Harrods Confirms Customer Data Stolen in Third-Party Cyber Breach
Luxury retailer Harrods has warned customers that their personal information may have been compromised following a breach involving one of its third-party service providers.
In an email sent to affected customers on Friday evening, the London-based department store said that names and contact details of some online shoppers were accessed. The company assured customers that no passwords or payment information were involved in the incident.
Harrods described the breach as an “isolated incident” and confirmed that it had been contained. “The third party has confirmed this is an isolated incident which has been contained, and we are working closely with them to ensure that all appropriate actions are being taken,” the retailer said in a statement. “We have notified all relevant authorities.”
A company spokesperson stressed that Harrods’ own IT systems were not compromised and clarified that this breach was unrelated to a cyberattack in May, when the retailer temporarily restricted internet access across its sites following an attempt to gain unauthorised access.

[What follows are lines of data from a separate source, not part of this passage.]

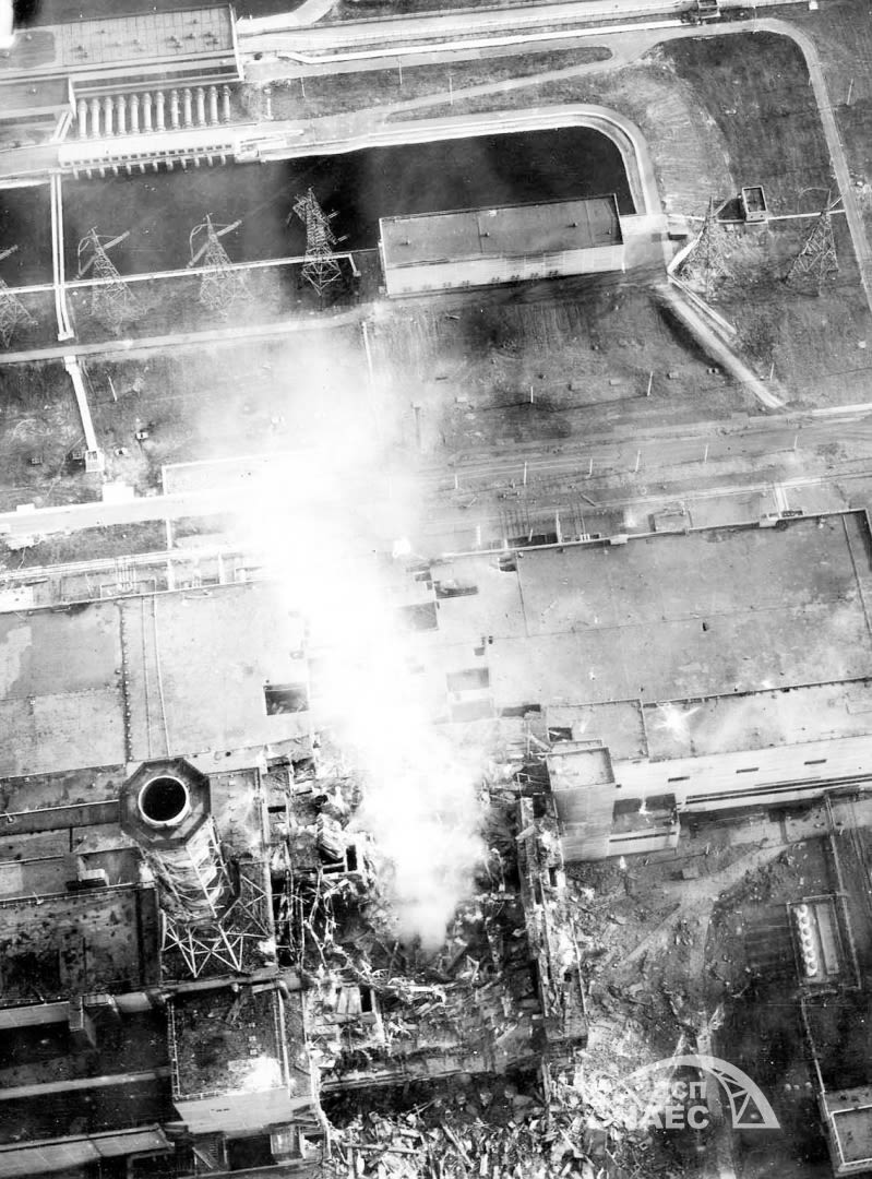 Fires started in what was left of the Reactor 4 building and other parts of the site, releasing clouds of steam and dust - most of these fires had been put out within a few hours. But a serious fire which involved the reactor's graphite moderator burned for days, finally being extinguished by 9 May.
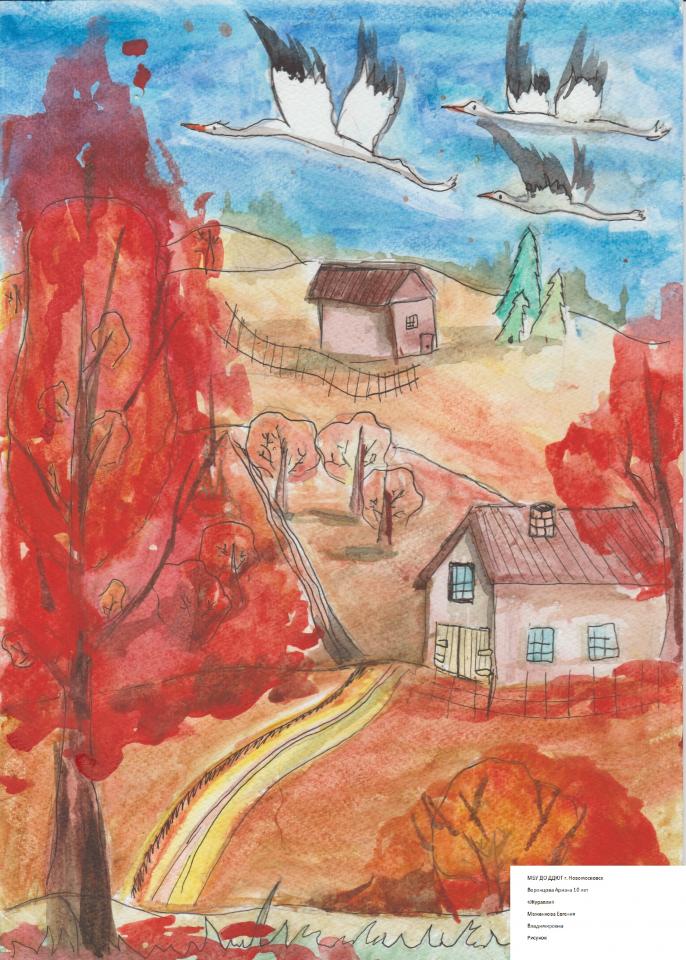 | 60 | Брушко Дарья | В обработке | "Осенние гости" | Рисунок | Межанкова Евгения Владимировна | Принята | Фото работы |
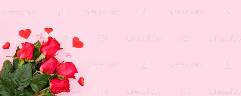 Букет красных роз, украшения в форме сердца на розовом фоне. Веб-баннер
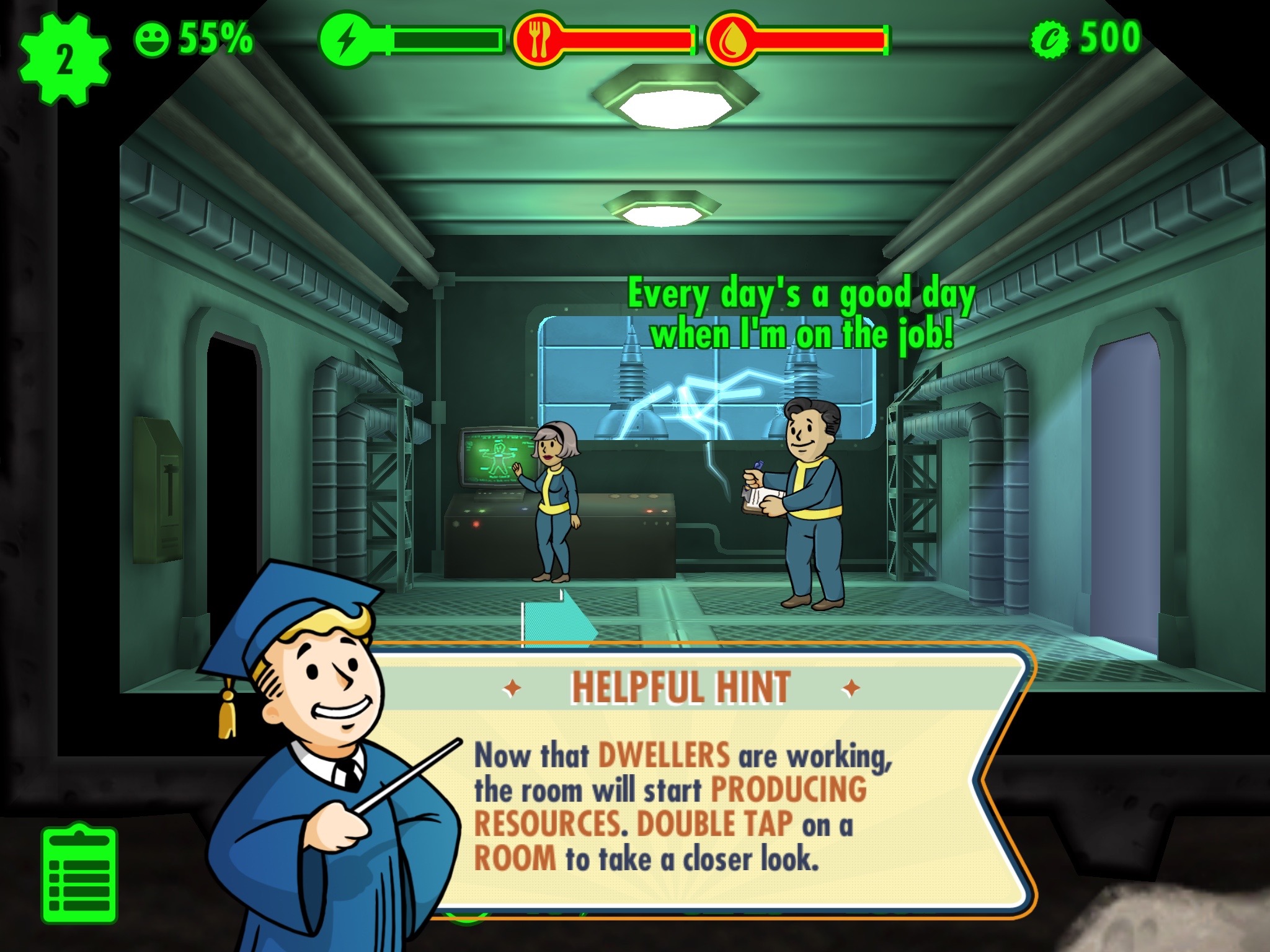 Что самое примечательное, Fallout Shelter — это не совсем стандартный экономический симулятор. При всей бесплатности тут нет постоянно надоедающих таймеров, которые присущи подобным проектам. Также игра не требует постоянного соединения с интернетом. Но встроенные покупки все же имеются.
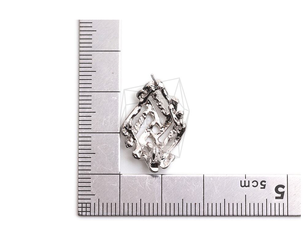 ERG-2275-R/2PCS/Rhombus Post Earring/16mm X 23mm/Rhodium Plated Over Tin,Stainless Post

Earlier this year, the same loosely affiliated hacking group that claimed responsibility for the May attack also targeted Marks & Spencer and the Co-op. In July, the National Crime Agency (NCA) arrested four individuals linked to the attacks: a 20-year-old woman in Staffordshire and three young men, aged between 17 and 19, in London and the West Midlands. All have since been released on bail.
The warning from Harrods comes amid a wave of high-profile cyberattacks affecting UK businesses. In August, a separate group of hackers disrupted Jaguar Land Rover’s global production lines, halting manufacturing for several days.
Richard Horne, chief executive of the National Cyber Security Centre, said such breaches highlight the growing sophistication of cybercriminals. “These attacks may seem theoretical and technical, but they have real-world impact on real people,” he told BBC Radio 4’s Today programme. “Criminal attackers don’t care who they hit or how much damage they cause. Every organisation, no matter its size, must take proactive steps to secure its systems and protect its customers.”
Harrods urged customers to remain vigilant for suspicious emails or communications and said it would provide updates as the investigation continues.